Look, there’s no way around it. Getting back together with an ex is going to require some major effort. Something was happening that led the two of you quit. Your break up didn’t materialize magically out of thin air, even if it feels that way. Whatever that was, it will create a barrier you’ll need to bowled-over. You really can’t just hope to snap your fingers and have him back at your side again instantly. You definitely can’t get your ex back overnight. You might not even get him at your first try.
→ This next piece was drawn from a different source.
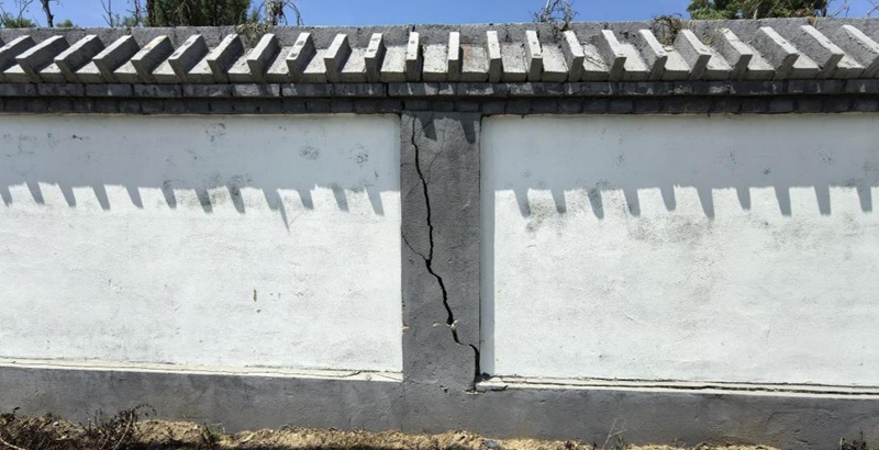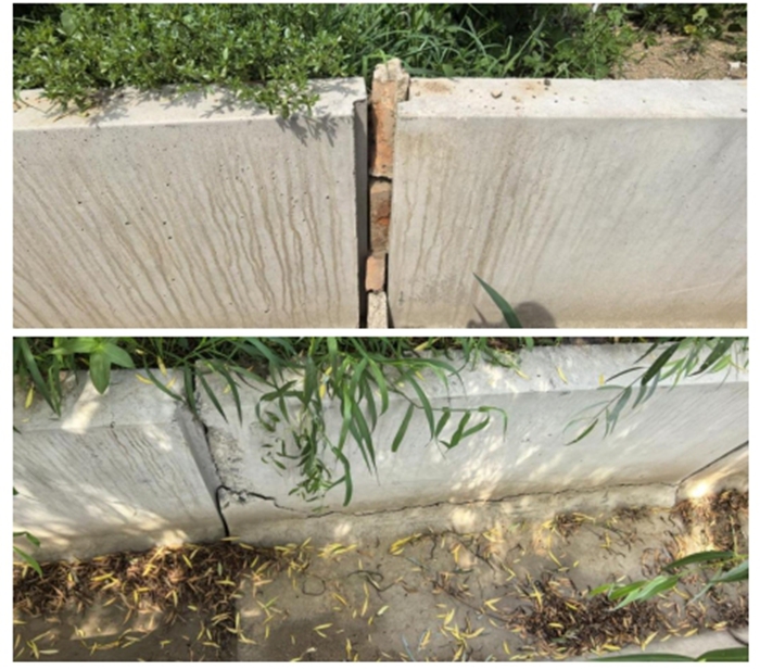 记者随机采访了多位附近村民了解到,该地除了边沟建设存在严重质量问题外,村内的围墙等基本建筑的质量安全问题也让大家忧心忡忡。“你看我家围墙都错位了,墙体全是裂缝,墙体变形导致侧压,自家的大门都难以打开。”在几名村民带领下,记者看到,多个围墙有巨大裂缝,甚至可以看到墙体内部,让人怵目惊心。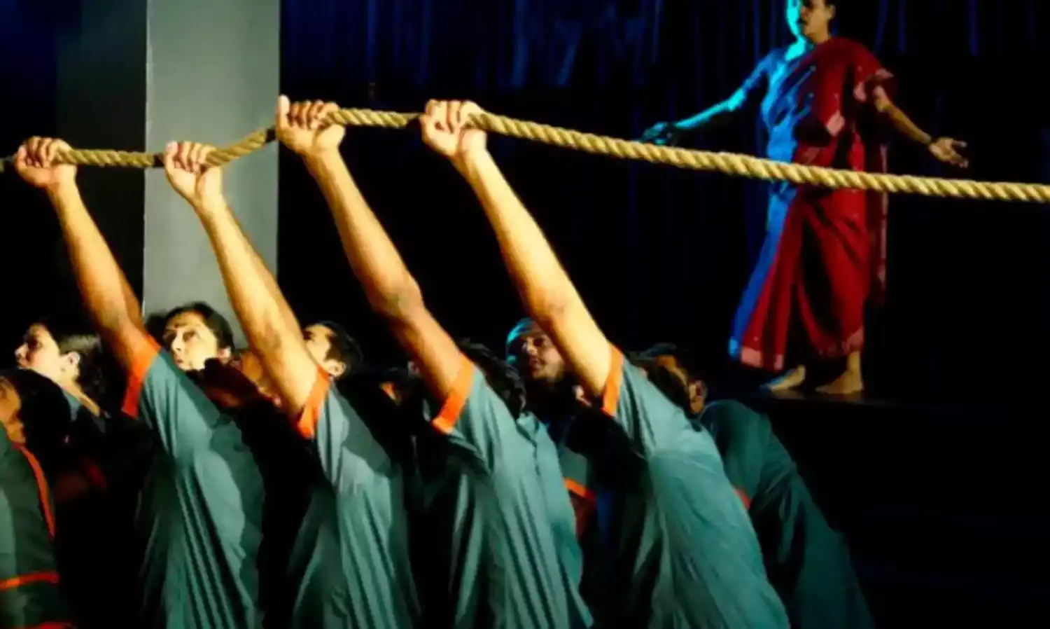 Usha Ganguly who has designed, directed and composed the music has used some thick ropes which metamorphose into agents of bondage, or freedom, portray the waves of a river, trap a character when the rope feels that the character needs to be trapped and imprisoned so beautifully that it evolves almost into an important character in the play. When Dr, Nandini is having labour pains, the girls around her gather some red-and-white ropes to use as a curtain to give her the privacy a mother demands at child-birth.

That is because the human heart and mind aren’t impossible to understand. And they are also complicated enough to defy magically quick solutions. Thus, putting forth an effort to get him back is what you need. This is bad news, but you do not need to worry though. Because good news comes in two-fold.

The first good news it that it won’t be as hard as you might think. As long as you’re willing to take action and to follow good advice, you can probably get your ex back much more quickly and with greater ease than you might imagine. The getting back together process is very time-consuming and difficult sometimes. However, it is relatively fast and painless for others. In almost all cases, though, it is possible.

The second good news is that the benefits of getting back together make the effort worthwhile. The time and energy you’ll spend can be the greatest personal investment of your life. The pay off is an enormous thing that it makes any level of effort completely worthwhile. If you believe in your heart that the two of you are special and that your relationship definitely deserves a second chance, the odds are that the advantages of being together will swamp the annoyances of getting over the break up.

So, how hard is it to get your boyfriend back? Will it be really hard? Perhaps, perhaps not. It will require some effort. Overall, though, it probably will be easier than you think and the advantages will make the process of getting your boyfriend back well worth your time and energy.